On Tuesday, with less than two weeks remaining until this year's Breeders' Cup takes place at Churchill Downs, the daughter of Medaglia d'Oro stepped off a van at Indian Creek Farm to begin her second career as a broodmare with a date to top international sire War Front on the horizon.
"She really owes us nothing," owner Bob Edwards said of the decision to retire the multiple Grade 1-winner. "She's been a phenomenal filly for us and she's done nothing wrong. At this point she's worth more as a broodmare than she probably could produce running, and we didn't want to risk her getting hurt. (Trainer) Chad Brown has done an excellent job managing her career. She'll always be a special horse for our family."
A $450,000 purchase by agent Mike Ryan from Taylor Made Sales Agency's consignment to the 2015 Keeneland September Yearling Sale, New Money Honey was bred by WinStar Farm out of the Distorted Humor mare Weekend Whim.
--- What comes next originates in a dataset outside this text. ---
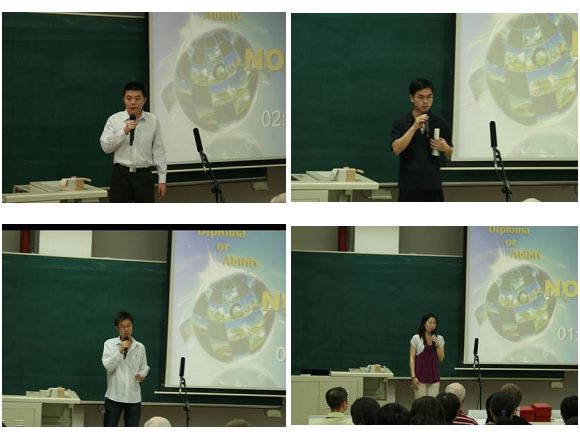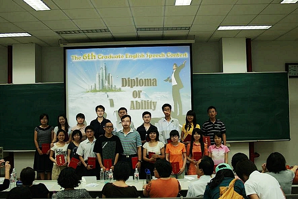 本次演讲比赛决赛分为定题演讲和回答问题两个部分。定题演讲的题目为“Diploma or Ability”(文凭还是能力?),时间为3分钟。这个话题是经过老师们充分酝酿选出的题目。在当前复杂的社会和国际形势下,这个话题很容易在研究生群体中产生共鸣和思考。

She broke her maiden at second asking in the Miss Grillo Stakes at Belmont Park and went straight to the Breeders' Cup for her third start, where she won the Juvenile Fillies Turf by a half-length with an exciting three-wide rally at Santa Anita Park.
"It was our first year of racing, going to the Breeders' Cup, and I didn't really even understand what it was," Edwards recalled. "And then our horse wins and I remember standing there and they said, 'Someone wants to take a picture, hold the trophy up.' So I did, and they said, 'No, turn around,' and there was the whole row of photographers lined up on the track and I was blown away by it."
New Money Honey was put away for the remainder of 2016 and after shaking off the dust with a sixth in the 2017 Appalachian Stakes at Keeneland, she won her second start of her three-year-old season, Belmont's Wonder Again Stakes. In her next effort she took the Grade 1 Belmont Oaks Invitational.
"We were walking her into the winner's circle after the Wonder Again and she stepped on my wife's foot," Edwards recalled. "It was purple for weeks. She wanted to get rid of the shoes - you could see the hoofprint on them - but I told her to keep them for good luck, and New Money Honey ended up winning the Belmont Oaks after that."
New Money Honey even ran on dirt, with a fifth in the Alabama Stakes at Saratoga, before she returned to the turf with a sixth in Keeneland's Queen Elizabeth II Challenge Cup. She placed fourth in the American Oaks to wrap up her sophomore season, and returned this year with a June 21 allowance win at Belmont. She was sixth in the July 21 Diana Stakes, but ran second in the last month's Canadian Stakes at Woodbineand closed her career at Belmont with a runner-up finish in the Athenia Stakes. She retires with earnings of $1,516,857 and five wins and three seconds from 13 starts.
"We made the decision last year to get her to War Front, so it should be a really nice first baby," Edwards said. "We believe she can be a foundation mare for us."